Markets moved in lock step in the 1930s, in 1987 and after the Russian devaluation in 1998. Each time investors were crunched. So too in 2000.

Impotent monetary policy

Monetary policy settings provide no easy fix. The US Federal Reserve gave them its best shot with remorseless loosening all the way down to 1.25 per cent, but to little effect. Now the scope, in the US at least, is virtually gone.

The best economy-wide measure of inflation, the GDP deflator, fell by October to 1.1 per cent, so with the federal funds target (the equivalent of our official cash rate) at 1.25 per cent, real interest rates must be around 0.15 per cent, barely positive. Returns above that simply seek to offset risks.

Two problems bedevil monetary policy instruments. First there is almost nowhere left to go: 0.15 per cent real is as low as it gets. Second, and exacerbating this problem, successive downward adjustments of discount rates tend to produce successively smaller positive reactions. The Fed has become more aggressive in loosening monetary policy, but markets barely flutter.

Private credit and deflation - a bigger problem made worse?

Problematically, lower discount rates drive down costs of consumer credit. Stimulating the economy like this makes it easier for private debt to grow. Economic stimulus frequently comes from consumer spending financed by private-sector credit. This powers growing whiteware, television and DVD sales and the booming retail PC market.

Fine perhaps when real interest rates are positive and inflation is eroding debt, at least in the short term. Not so clever should deflation set in, even in mild form.

Deflation works in the opposite way to inflation. The debt burden swells rather than shrinks. The only way out is through seriously cutting back on spending and selling assets.

Problems with investment instruments

Along with problems of where to invest are problems with what we invest in. Governance scandals abound and the problem is damnably stubborn given the current regulatory tools.

The Enron, Global Crossing, and Tyco fiascos emerged from the most regulated capital market in the world - the US - where regulators had by repute eliminated the "cowboys" who apparently pervade only New Zealand markets.

Advocates of more regulation in New Zealand spent decades claiming that regulated markets in the US, Britain and Europe are sophisticated and civilised.

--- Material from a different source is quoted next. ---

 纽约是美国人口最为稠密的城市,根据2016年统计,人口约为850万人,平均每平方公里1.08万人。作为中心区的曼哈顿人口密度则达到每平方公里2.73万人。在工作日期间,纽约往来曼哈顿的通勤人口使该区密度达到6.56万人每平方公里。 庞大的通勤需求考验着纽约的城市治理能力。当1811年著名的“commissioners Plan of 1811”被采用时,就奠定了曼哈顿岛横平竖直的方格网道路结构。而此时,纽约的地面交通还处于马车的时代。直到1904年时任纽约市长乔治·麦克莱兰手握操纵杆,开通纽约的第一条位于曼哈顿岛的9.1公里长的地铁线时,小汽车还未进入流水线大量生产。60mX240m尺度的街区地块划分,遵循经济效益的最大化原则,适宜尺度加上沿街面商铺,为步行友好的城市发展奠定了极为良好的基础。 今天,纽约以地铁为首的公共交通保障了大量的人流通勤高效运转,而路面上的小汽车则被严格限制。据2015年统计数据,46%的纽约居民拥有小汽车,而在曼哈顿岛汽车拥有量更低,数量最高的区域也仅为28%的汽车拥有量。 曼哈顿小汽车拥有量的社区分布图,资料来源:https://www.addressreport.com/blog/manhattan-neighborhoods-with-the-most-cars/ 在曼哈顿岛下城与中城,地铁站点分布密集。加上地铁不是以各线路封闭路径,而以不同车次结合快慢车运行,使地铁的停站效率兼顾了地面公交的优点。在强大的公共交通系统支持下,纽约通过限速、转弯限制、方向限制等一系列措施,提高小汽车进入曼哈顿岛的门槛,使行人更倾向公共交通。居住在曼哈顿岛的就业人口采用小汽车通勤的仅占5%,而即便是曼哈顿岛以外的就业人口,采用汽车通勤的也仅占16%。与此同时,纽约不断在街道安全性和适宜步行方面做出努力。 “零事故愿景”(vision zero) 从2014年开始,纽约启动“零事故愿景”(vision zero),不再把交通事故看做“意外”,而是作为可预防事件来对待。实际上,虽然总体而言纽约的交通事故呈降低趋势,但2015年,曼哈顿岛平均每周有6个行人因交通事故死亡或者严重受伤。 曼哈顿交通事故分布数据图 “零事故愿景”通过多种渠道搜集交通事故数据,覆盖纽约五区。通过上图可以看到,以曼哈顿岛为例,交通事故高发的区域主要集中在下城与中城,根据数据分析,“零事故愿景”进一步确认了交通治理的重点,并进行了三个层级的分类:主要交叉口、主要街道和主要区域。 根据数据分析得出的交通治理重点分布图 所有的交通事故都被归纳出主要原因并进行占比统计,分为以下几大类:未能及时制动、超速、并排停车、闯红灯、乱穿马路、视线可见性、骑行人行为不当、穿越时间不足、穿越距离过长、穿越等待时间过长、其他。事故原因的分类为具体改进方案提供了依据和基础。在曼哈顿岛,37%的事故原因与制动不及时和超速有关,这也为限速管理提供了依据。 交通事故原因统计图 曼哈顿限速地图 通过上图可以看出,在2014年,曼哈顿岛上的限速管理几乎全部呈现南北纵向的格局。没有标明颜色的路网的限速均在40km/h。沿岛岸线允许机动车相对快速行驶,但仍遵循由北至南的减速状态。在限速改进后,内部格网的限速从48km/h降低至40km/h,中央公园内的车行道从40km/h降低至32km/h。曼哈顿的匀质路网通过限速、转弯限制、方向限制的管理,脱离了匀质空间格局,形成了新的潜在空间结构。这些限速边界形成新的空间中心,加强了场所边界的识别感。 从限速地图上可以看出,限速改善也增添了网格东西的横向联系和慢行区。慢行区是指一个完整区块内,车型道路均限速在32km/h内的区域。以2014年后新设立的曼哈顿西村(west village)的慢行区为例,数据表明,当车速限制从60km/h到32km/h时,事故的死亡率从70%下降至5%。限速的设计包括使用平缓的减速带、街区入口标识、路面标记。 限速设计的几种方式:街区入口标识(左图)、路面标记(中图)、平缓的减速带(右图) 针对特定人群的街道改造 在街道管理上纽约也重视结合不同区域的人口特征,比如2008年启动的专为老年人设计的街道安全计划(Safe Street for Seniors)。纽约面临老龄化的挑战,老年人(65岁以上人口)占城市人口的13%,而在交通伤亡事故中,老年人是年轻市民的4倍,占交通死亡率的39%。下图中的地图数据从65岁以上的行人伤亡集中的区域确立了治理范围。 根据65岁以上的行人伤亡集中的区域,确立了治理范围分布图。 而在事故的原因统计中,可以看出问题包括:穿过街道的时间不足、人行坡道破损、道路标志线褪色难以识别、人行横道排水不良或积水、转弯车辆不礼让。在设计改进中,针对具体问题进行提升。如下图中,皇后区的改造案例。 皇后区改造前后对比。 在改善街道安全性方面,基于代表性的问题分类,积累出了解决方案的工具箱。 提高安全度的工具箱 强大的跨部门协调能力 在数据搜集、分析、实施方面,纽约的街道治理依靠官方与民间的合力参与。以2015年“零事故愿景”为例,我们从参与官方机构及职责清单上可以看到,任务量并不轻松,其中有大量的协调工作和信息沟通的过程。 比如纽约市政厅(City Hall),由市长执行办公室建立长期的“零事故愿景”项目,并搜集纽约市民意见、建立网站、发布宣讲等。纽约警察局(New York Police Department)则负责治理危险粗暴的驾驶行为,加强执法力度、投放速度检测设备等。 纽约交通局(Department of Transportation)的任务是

But corporate disasters reveal something radically wrong with the idea that enough regulators implementing enough rules will suffice.

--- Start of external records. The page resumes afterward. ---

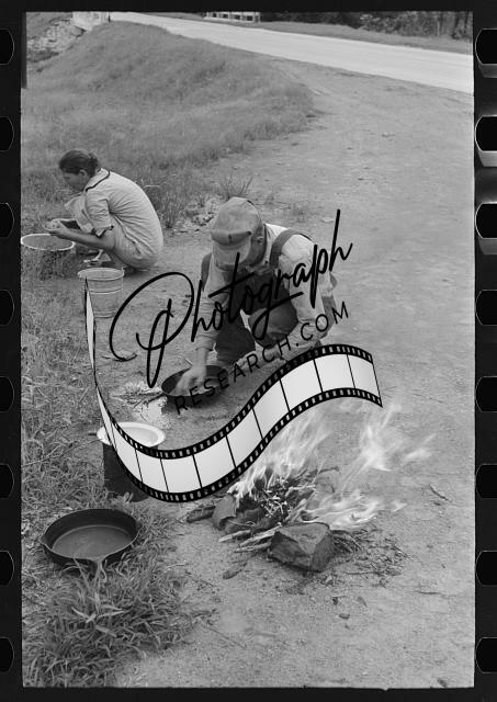 Title: Elmer Thomas putting lard into the frying pan. At roadside camps each person in a migrant camp has his own duties. In this case, Mr. Thomas is attending the fire. There are a certain number of assignments which have been given him, of which this is one. Near Henrietta [i.e., Henryetta,] Oklahoma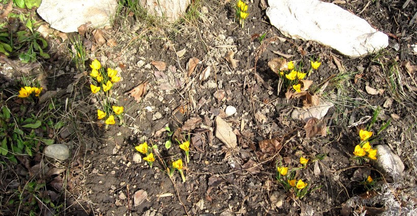 In 2008 our front yard crocus blossomed on April 5th and in 2009 it blossomed on March 21st. In spite of this late arriving spring, the crocus blossomed a bit earlier than these years, flowering just in time for St. Patrick’s Day.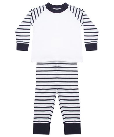 Specification - Striped pyjamas in 100% cotton single Jersey with plain 100% polyester front and back body panels suitable for sublimation printing. Contrast ribbed cuffs. Raglan styling. Bodysuit vest. YKK popper fastening. Bound neck and armholes. Made in soft cotton interlock. Size tab only. SEDEX certified. Oeko-Tex certified. BSCI certified..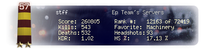 | Headshots | 93 | Suicides | 21 | Headshot / Kill | 17.13 % |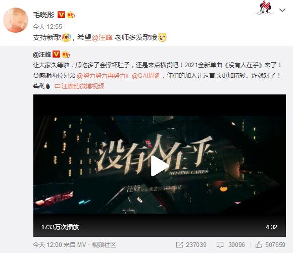 1月31日,毛晓彤转发汪峰新歌微博并配文:“支持新歌,希望汪峰老师多发歌哦”。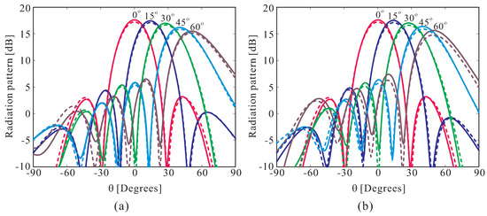 In this section, the 5 × 5 array of Koch-shaped patch antenna with the EBGs is studied. The inter-element spacing is reduced to as small as 0.4 to realize a compact size. Figure 7a shows the configuration of the 5 × 5 Koch-shaped patch antenna array with the EBGs. For the simulation, a port was used for each antenna element, and all ports were simultaneously excited. Performance outcomes with regard to the active reflection coefficient and the AR of the center element were investigated and presented. A comparison of the reflection coefficients and ARs for the center element of the array with and without the EBGs was conducted, with the results illustrated in Figure 7b. Note that the AR values are observed in the -direction. It is evident that the CP performance of the array without the EBGs was considerably deteriorated due to the strong mutual coupling effects. The minimum AR value was increased to 3.83 dB. In contrast, with the EBGs, the CP performance was significantly improved. Owing to the reduced mutual coupling, the minimum AR value was reduced to 0.31 dB. At the designed frequency of 5.2 GHz, an AR value of 1.20 dB was achieved. In addition, the −10 dB reflection bandwidth was enhanced with the presence of the EBGs. The radiation patterns, when all ports were simultaneously excited, at 5.2 GHz are depicted in Figure 8 for the two major cutting planes of the - and -planes. With the EBGs to reduce mutual coupling, an approximate gain enhancement of 0.4–0.8 dB was obtained as compared to the array without the EBGs when the radiation pattern is scanned from the broadside to 60° on each plane. Therefore, the simulated results demonstrated that the presence of the EBGs significantly enhances the CP performance of the RDA despite the fact that the inter-element spacing is reduced to as small as 0.4.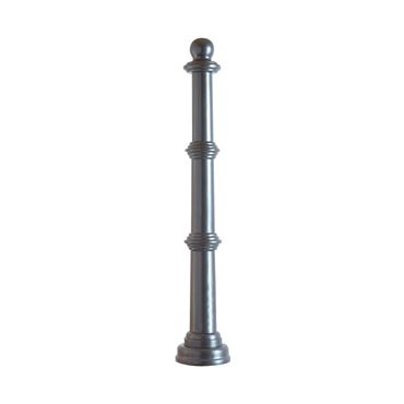 Dieser dekorative Absperrpfosten kann als Begrenzungspfosten von Fußgängerbereichen, Einfahrten, Fahrbahnen, Plätzen usw. eingesetzt werden. Er besteht aus Aluminiumguss mit Stahlrohrkern, wahlweise mit oder ohne Kettenösen. Die Gesamthöhe beträgt 1.400 mm, wobei Höhe über Flur 900 mm beträgt. Der Absperrpfosten ist anthrazitgrau (Eisenglimmer) beschichtet.
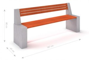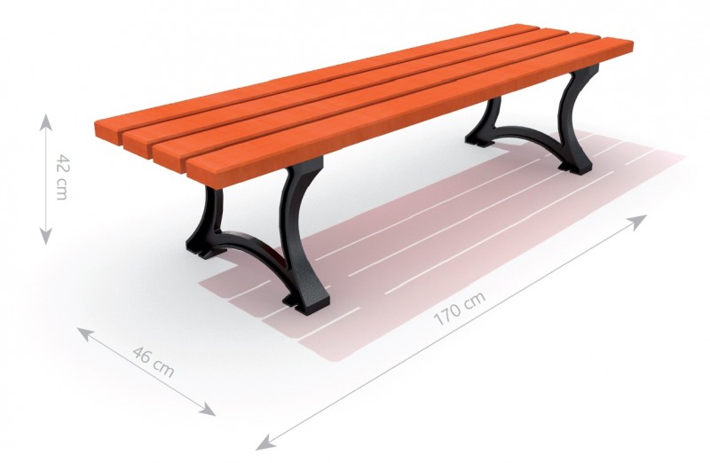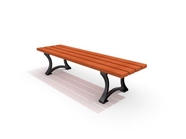 Klupa od lijevanog željeza bez naslona i naslona za ruke. Sjedalo izrađeno od drva. Klupa zadržava elegantan i estetski izgled urbanog namještaja zahvaljujući lučnim čeličnim oblicima u skladu s drvom.

Equally flawed is the good guy notion underpinning this. That all of the thousands of employees of accounting firms like (the late) Andersons are crooks is as patently absurd as the idea that more "good guy" government would solve these problems.

Enron, Global Crossing and others show that it is our accounting, not our accountants, that is the problem; our auditing, not our auditors, and our regulating, not our regulators. For investors, these disciplines have not delivered.

This all drives more risk into investing. Governance risk and agent-principal risk seem now to be inherent in investing. They may have, probably did, exist all along. What is different is investor awareness on a scale not seen in the past.

What can governments do?

Not much is the truthful answer - and they ought not to be blamed for this reality. "Lead us not into temptation but deliver us from evil" is as good a policy as any. Monetary policy remains strictly limited in what it can achieve. Regulation of capital markets promises delusion and cost.

Policy and regulation cannot shield investors from risk. Assets must come to reflect their true value given new risks. Regulatory barriers should not impede this process or competitive responses such as capital raising, mergers and takeovers.

Driving down costs of business and costs of reconstructing with new businesses require a hawkish approach to resource management policy, initiatives such as the Kyoto protocol, and to confrontational labour market policy. Less is likely to be more as risks grow.

Finally, governments can recognise that cash is master and mistress in risk management. That means fiscal prudence and high-quality government spending are in while blanket prohibitions on regulatory and tax reform are out.